John Bell (c. 1799 - 24 June 1868) was a Scottish explorer.

== Biography ==
John Bell was born in Isle of Mull, Scotland and emigrated to Canada where he worked for the Hudson's Bay Company as a fur trader and colonizer. He was one of the colonizers of the Yukon River. Bell was appreciated by the company for his "professionalism, flexibility and dedication to the interests of the fur trade" as well as his abilities as a "manager of men".

In 1839, he was sent to colonize the land west of the Mackenzie River. With the assistance of Alexander Kennedy Isbister, he established Fort McPherson, Northwest Territories on the Peel River not far from the Mackenzie, and colonized the Peel into what is now the Yukon Territory.

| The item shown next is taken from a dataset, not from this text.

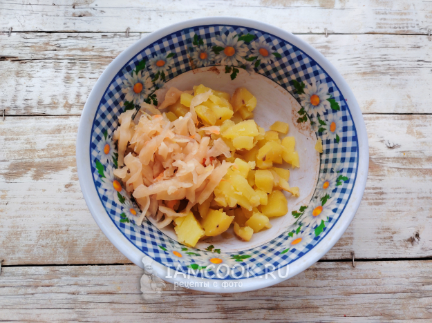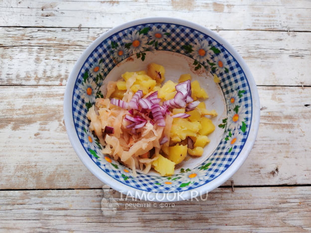Добавить к картофелю квашеную капусту и мелко нарубленную луковицу.

In 1845, Bell crossed the mountains into the Yukon River watershed, and went down the Rat River to its confluence with the Porcupine River. The Rat River has been renamed the Bell River in his honour. After managing the fur trade at Fort McPherson until 1845, he returned to the Bell River, and Followed the Porcupine to its juncture with the Yukon River, the eventual site of Fort Yukon. He set the stage for the Yukon trade which proved extremely lucrative for the Hudson's Bay Company and for Canada's claim over what is now the Yukon Territory.

He had some involvement in organizing John Rae's 1848-1849 expedition to search for Sir John Franklin, and continued working in the Mackenzie District for the Hudson's Bay Company until 1860. Although his exploits as an explorer are most often publicized, Bell preferred to work as a manager and organizer. He accepted the exploring jobs as required but did so "without the enthusiasm and sense of destiny that inspired other HBC explorers. He was, in fact, a fur trader rather than an explorer, both in talent and temperament."

Bell completed his career in Quebec, retiring from the company in 1860. He then moved to Saugeen, Ontario and farmed in the area until his death.